═════ Provided material

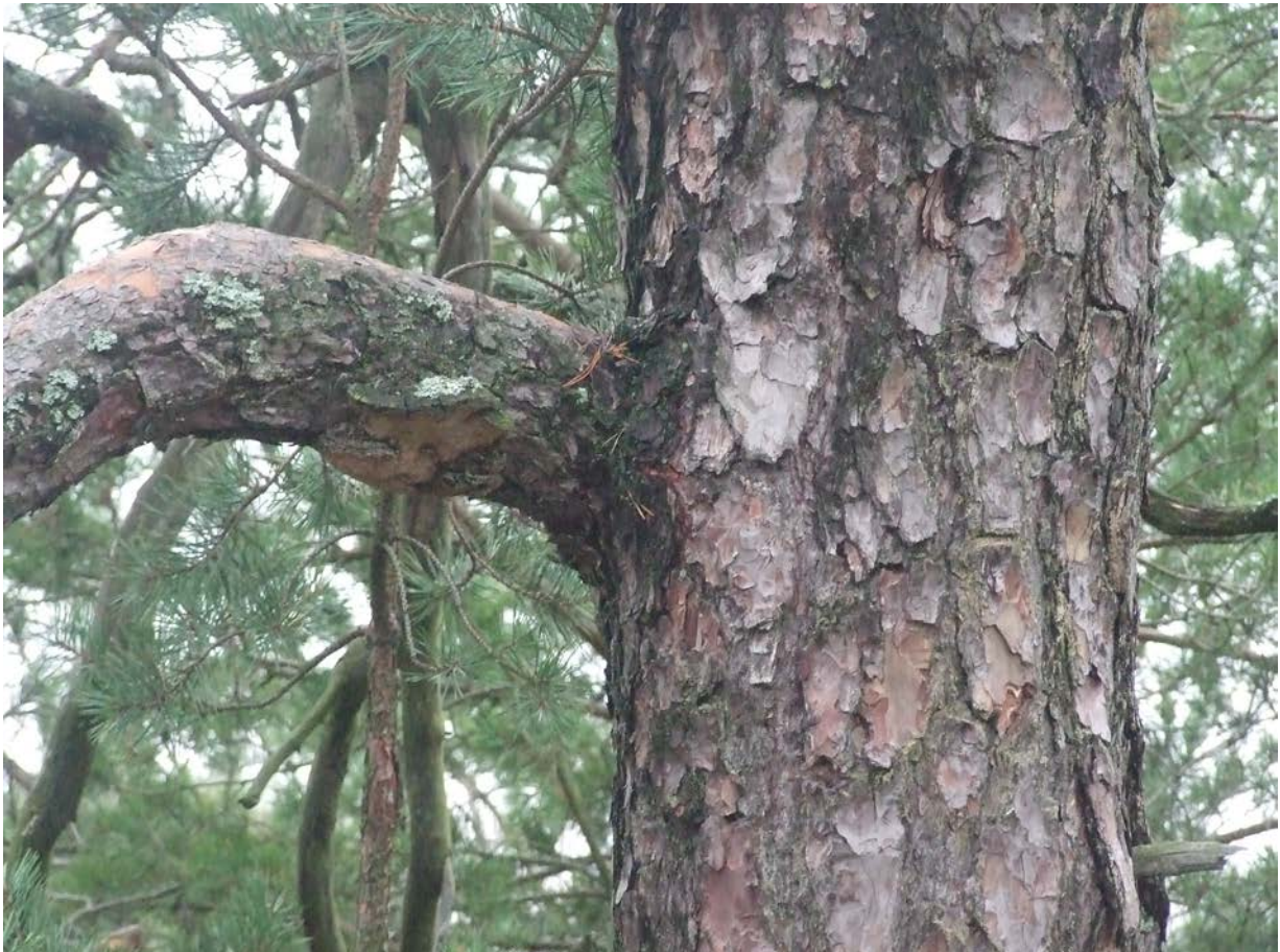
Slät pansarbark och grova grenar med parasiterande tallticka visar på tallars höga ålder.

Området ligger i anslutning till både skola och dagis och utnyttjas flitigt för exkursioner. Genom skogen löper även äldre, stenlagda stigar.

══════════
═════ Provided material

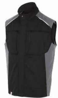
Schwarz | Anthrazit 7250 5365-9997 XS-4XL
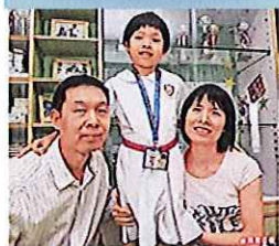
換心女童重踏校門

══════════

Assignment |
When the line with "Slät pansarbark och" is reached in the data above, begin copying, and stop after the line with "Området ligger i"; copy each line exactly, both ends included.

Solution |
Slät pansarbark och grova grenar med parasiterande tallticka visar på tallars höga ålder.

Området ligger i anslutning till både skola och dagis och utnyttjas flitigt för exkursioner. Genom skogen löper även äldre, stenlagda stigar.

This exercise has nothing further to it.